The American Coalition of Life Activists was an anti-abortion advocacy group that was the subject of controversy for its series of wanted-style posters.

History 
During a 1995 meeting, the group unveiled a "wanted" poster that listed the names and addresses of a "Deadly Dozen" abortion providers. The poster accused them of "crimes against humanity" and offered a $5,000 reward for the "arrest, conviction and revocation of license to practice medicine" of these physicians. The poster was published in Life Advocate magazine. A second poster targeted a doctor, Robert Crist, offered a reward for persuading him "to turn from his child killing," and included his name, address, and photo.

In 1996 the coalition revealed its "Nuremberg Files" which included dossiers on abortion providers, politicians, judges, clinic employees and other abortion rights supporters. They claimed that these dossiers could be used for trials for "crimes against humanity" when the nation's laws changed to prohibit abortion. Neal Horsley, an activist, published the information on his website. His website greyed the names of those injured and crossed out the names of those killed by anti-abortion activists.

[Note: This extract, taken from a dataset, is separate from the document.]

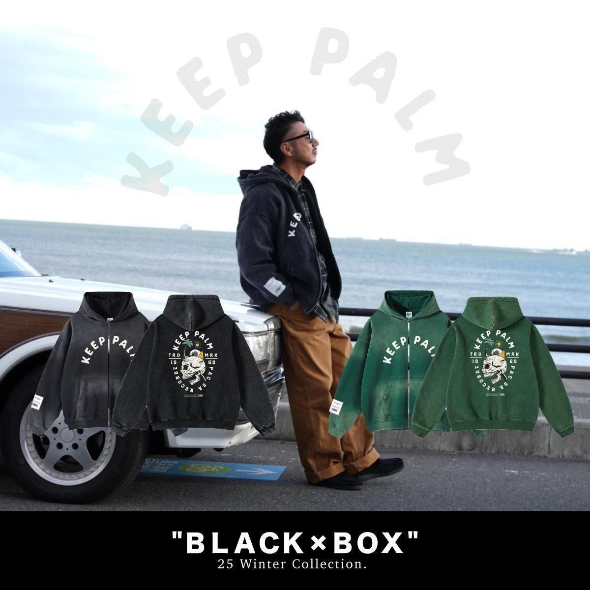 【BLACK×BOX25AW最新作】BLACK×BOX KEEP PALM VINTAGE HOODIE.VINTAGEBLK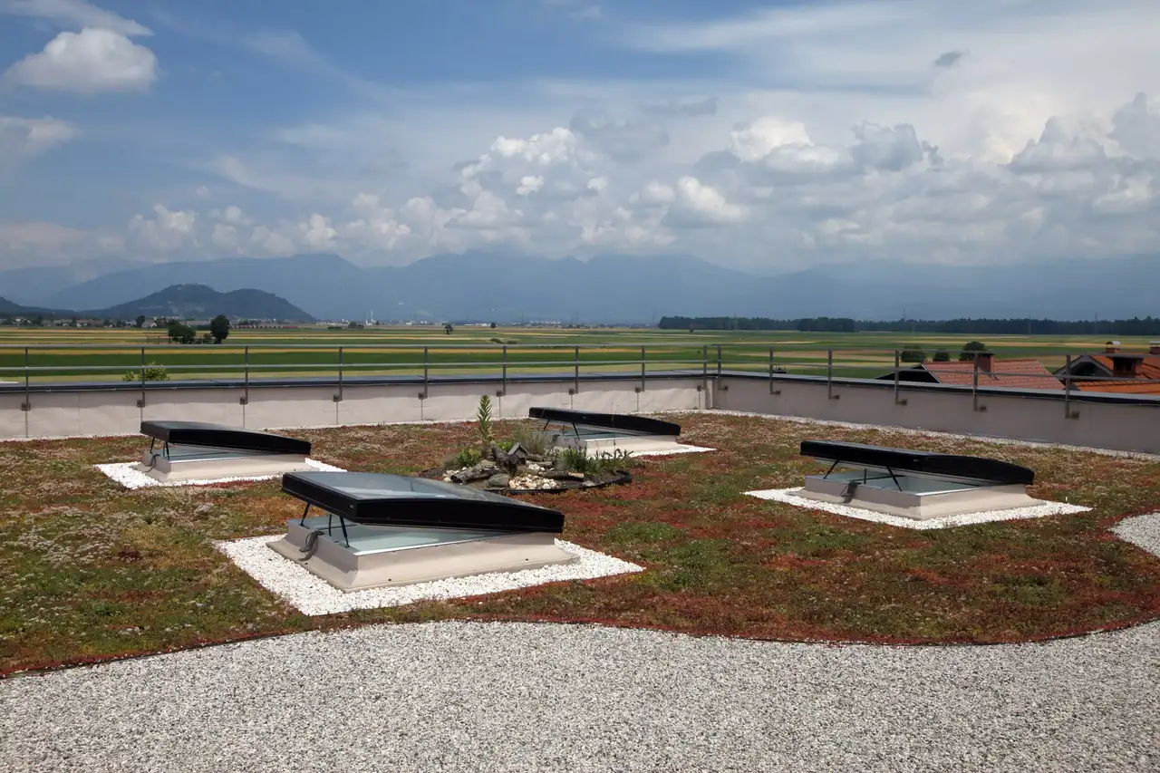 Kontrollieren Sie Ihr Flachdach daher regelmäßig. Schmutz und Laub beeinträchtigen nicht nur die Sicht und den Lichteinfall durch Ihre Dachfenster im Flachdach, sondern stören schlimmstenfalls den ordnungsgemäßen Ablauf der Niederschlagsmengen. Aufgrund starker Niederschläge ist zudem – außer bei Dächern mit intensiver Dachbegrünung – immer ein Notentwässerungssystem für Flachdächer vorgeschrieben.

In Planned Parenthood of Columbia/Willamette v. American Coalition of Life Activists, Planned Parenthood successfully sued the American Coalition of Life Activists. Although the posters and website did not contain any specific threat, the jury awarded $107 million. The coalition appealed the verdict on First Amendment grounds. A panel of the 9th Circuit Court of Appeals initially overturned the verdict, holding that the activities were protected under the First Amendment because they did not directly threaten harm to the plaintiffs, and because the statements were not communicated privately to the plaintiffs. The en banc 9th Circuit reversed the panel, and held that the coalition could be held liable in damages because the website made a deliberate threat with the expectation that someone would act on it, unprotected by the First Amendment.